Task goal:
Among the entries, find the lines with the string "Porsche" and copy them.
BEGIN Information shown
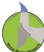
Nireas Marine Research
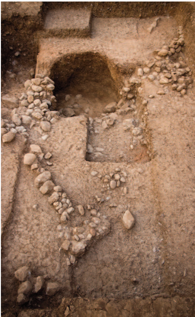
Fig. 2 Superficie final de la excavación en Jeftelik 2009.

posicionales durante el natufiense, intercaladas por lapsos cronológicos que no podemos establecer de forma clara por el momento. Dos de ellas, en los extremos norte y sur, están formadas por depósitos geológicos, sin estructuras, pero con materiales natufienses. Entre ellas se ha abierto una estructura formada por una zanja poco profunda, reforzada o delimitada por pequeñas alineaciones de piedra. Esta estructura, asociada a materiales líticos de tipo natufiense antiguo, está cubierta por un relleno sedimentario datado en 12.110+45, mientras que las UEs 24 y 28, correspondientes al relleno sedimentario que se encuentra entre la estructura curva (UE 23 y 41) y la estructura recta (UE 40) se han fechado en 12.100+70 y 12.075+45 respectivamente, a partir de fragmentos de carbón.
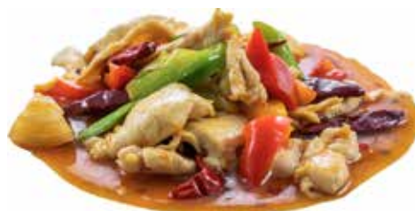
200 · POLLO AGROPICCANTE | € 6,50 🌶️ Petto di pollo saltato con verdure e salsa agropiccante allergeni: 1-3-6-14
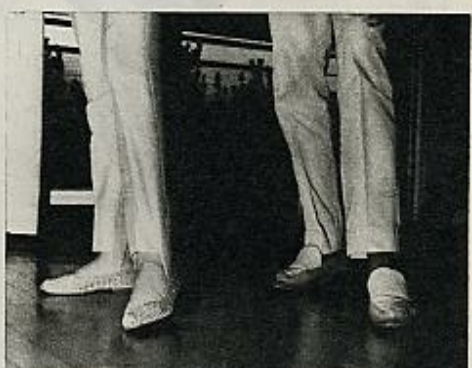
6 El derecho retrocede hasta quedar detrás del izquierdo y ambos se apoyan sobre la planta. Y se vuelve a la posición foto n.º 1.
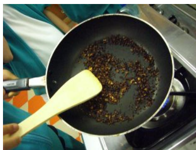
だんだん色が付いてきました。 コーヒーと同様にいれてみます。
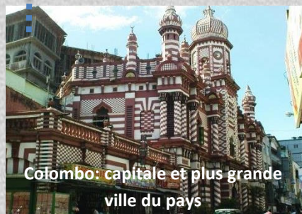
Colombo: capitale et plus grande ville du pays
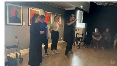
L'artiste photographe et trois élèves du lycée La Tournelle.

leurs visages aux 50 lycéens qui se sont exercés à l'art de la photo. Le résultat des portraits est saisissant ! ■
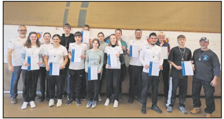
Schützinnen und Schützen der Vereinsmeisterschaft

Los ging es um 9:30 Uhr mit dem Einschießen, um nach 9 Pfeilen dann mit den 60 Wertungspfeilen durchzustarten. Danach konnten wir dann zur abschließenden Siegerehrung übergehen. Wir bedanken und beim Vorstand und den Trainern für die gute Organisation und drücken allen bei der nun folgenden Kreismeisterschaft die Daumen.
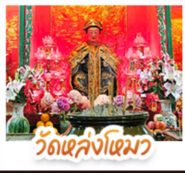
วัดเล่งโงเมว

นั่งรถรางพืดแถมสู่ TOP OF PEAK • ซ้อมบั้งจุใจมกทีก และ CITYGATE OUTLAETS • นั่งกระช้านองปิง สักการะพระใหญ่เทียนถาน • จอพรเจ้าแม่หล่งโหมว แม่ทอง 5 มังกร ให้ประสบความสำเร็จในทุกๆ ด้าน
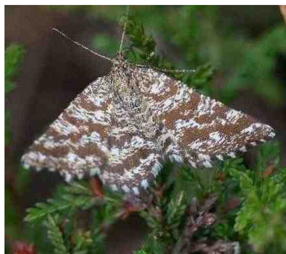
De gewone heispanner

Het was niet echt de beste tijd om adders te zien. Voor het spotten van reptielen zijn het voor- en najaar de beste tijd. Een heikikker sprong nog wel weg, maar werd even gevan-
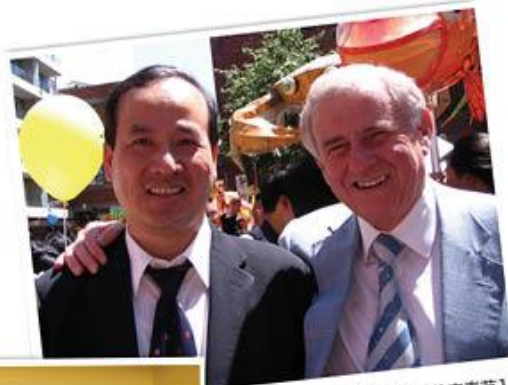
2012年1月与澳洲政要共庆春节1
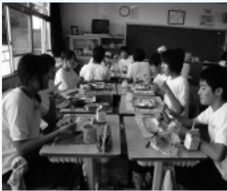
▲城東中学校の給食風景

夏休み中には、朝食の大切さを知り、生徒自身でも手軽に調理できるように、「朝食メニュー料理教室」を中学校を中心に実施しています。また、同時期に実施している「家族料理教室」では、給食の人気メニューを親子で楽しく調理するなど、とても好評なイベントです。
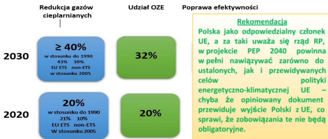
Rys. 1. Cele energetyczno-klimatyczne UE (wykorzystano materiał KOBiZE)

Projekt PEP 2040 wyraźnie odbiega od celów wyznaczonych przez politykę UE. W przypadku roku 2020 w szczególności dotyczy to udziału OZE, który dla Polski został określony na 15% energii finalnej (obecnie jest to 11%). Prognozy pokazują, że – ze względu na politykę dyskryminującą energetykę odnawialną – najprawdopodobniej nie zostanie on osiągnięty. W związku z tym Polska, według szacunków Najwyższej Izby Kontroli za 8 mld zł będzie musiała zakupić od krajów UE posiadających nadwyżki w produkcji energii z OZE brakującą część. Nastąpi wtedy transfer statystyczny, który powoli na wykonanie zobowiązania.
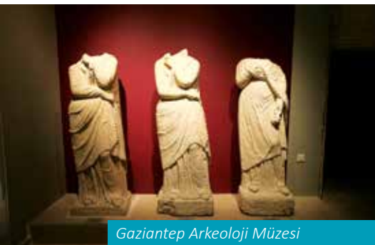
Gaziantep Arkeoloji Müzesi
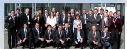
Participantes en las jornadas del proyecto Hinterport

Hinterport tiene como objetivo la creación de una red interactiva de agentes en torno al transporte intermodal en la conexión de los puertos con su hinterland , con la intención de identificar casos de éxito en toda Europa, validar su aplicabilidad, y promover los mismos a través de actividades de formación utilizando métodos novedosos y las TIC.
END Information shown
BEGIN Information shown
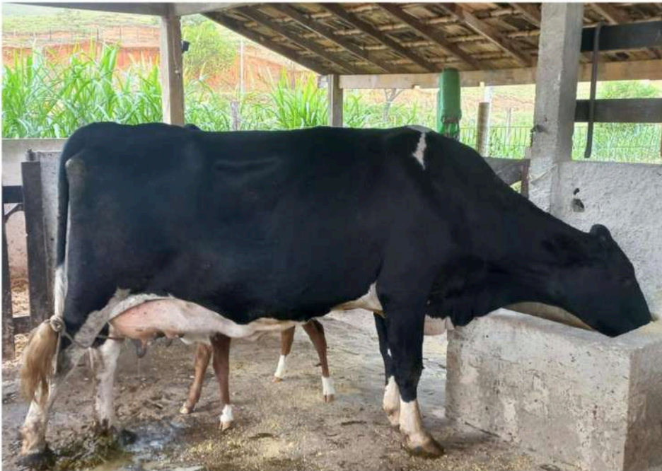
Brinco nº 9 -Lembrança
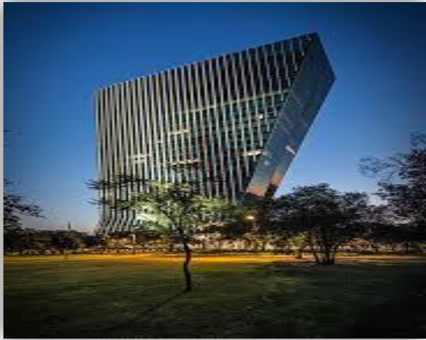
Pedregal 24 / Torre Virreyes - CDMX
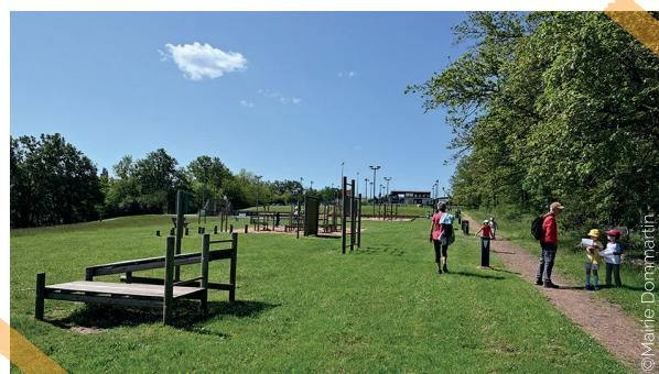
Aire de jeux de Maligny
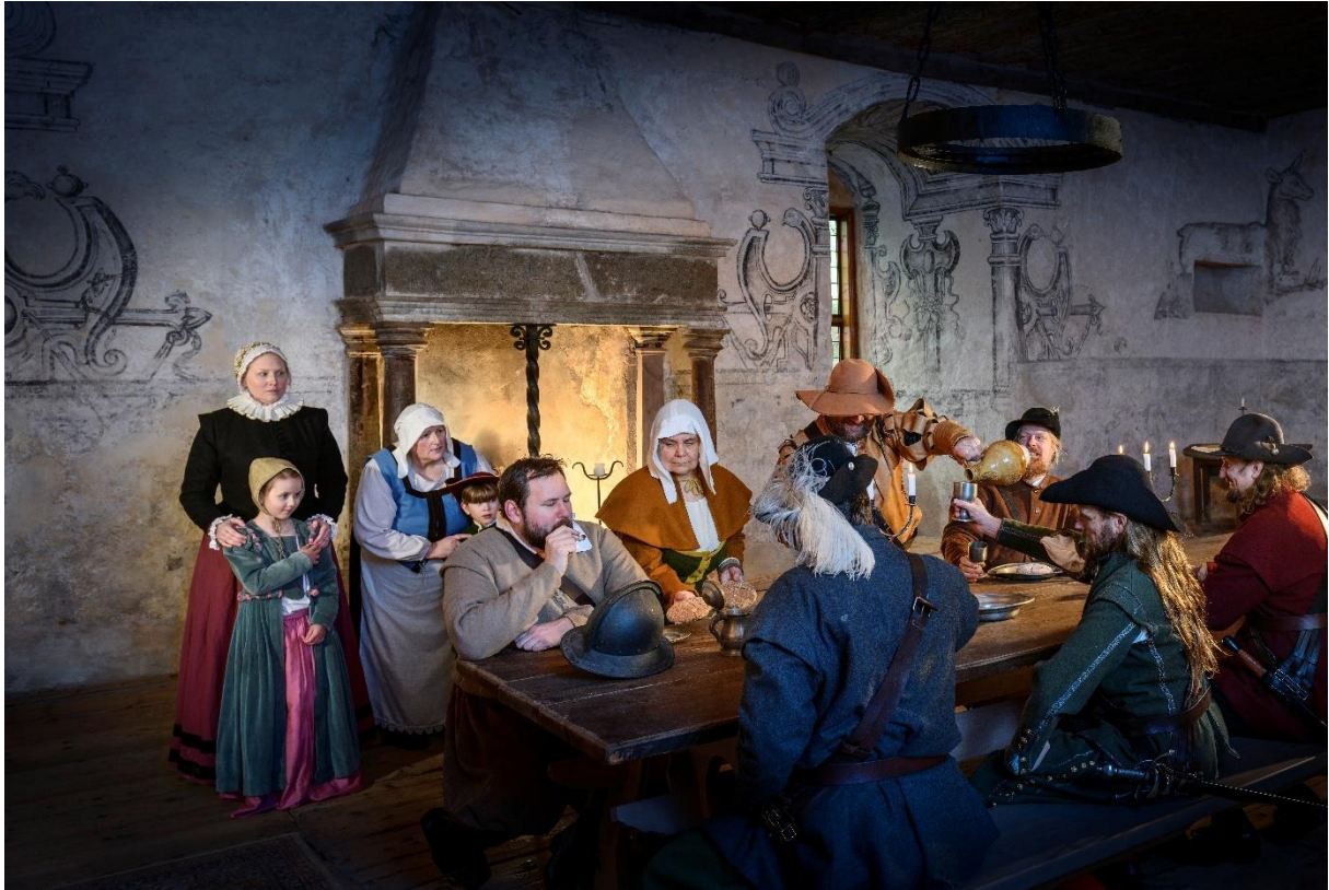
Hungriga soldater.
END Information shown
BEGIN Information shown
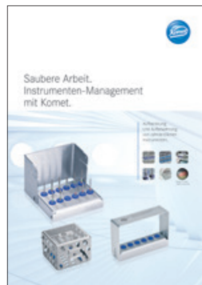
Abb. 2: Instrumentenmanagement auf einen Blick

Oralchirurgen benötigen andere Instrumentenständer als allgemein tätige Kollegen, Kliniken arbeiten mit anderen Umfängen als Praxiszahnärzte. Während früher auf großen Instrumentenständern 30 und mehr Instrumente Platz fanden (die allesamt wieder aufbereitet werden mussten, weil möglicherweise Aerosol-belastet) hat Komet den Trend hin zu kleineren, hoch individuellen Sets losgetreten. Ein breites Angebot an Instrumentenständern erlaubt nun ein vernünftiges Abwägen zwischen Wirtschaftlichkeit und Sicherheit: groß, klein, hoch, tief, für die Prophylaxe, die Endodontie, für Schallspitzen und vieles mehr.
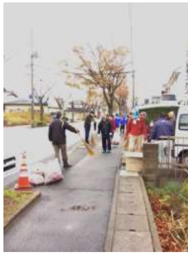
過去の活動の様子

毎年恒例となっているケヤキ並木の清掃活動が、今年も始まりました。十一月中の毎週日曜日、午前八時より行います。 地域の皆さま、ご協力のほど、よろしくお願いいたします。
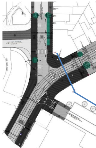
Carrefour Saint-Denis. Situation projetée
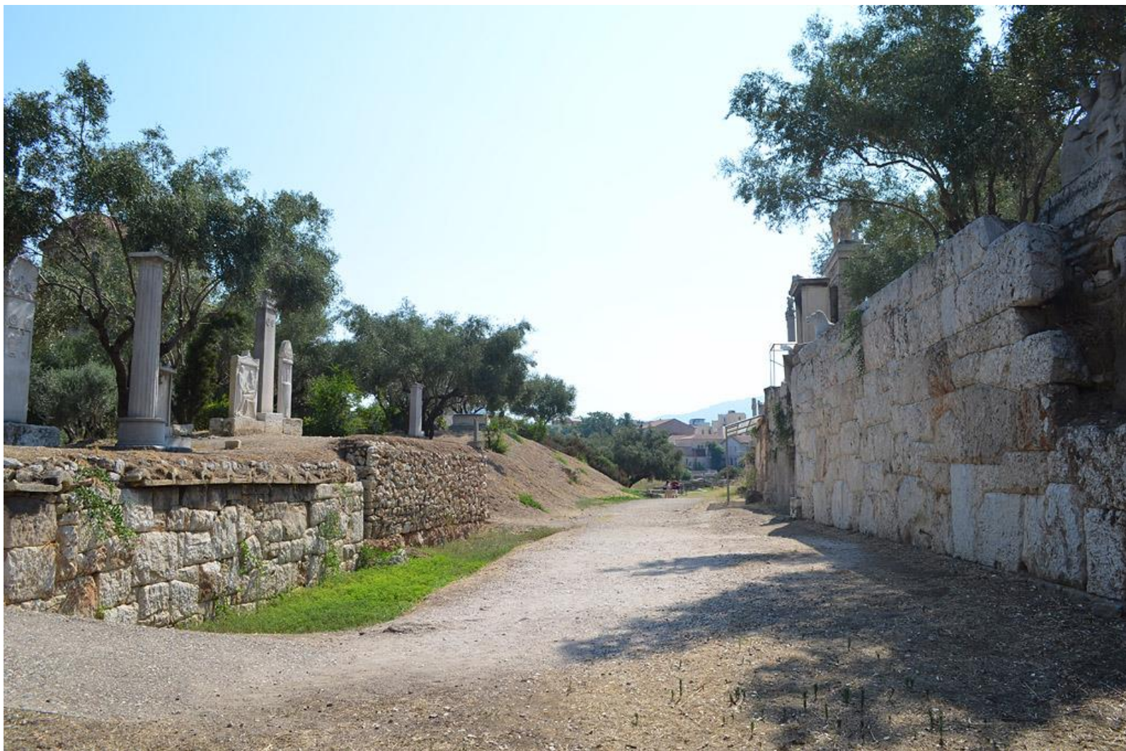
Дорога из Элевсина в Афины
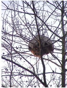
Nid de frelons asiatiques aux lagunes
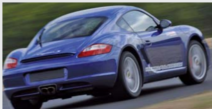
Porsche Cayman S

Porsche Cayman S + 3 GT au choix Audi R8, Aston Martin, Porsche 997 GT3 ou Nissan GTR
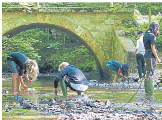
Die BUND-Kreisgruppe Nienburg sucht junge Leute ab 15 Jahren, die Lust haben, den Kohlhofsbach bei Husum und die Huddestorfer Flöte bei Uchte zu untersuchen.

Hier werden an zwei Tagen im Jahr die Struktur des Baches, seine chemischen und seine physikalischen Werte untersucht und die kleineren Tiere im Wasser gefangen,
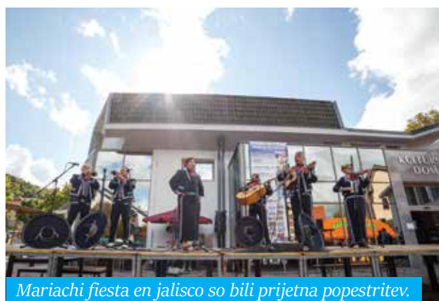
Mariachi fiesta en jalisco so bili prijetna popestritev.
END Information shown
Answer:
Porsche Cayman S
Porsche Cayman S + 3 GT au choix Audi R8, Aston Martin, Porsche 997 GT3 ou Nissan GTR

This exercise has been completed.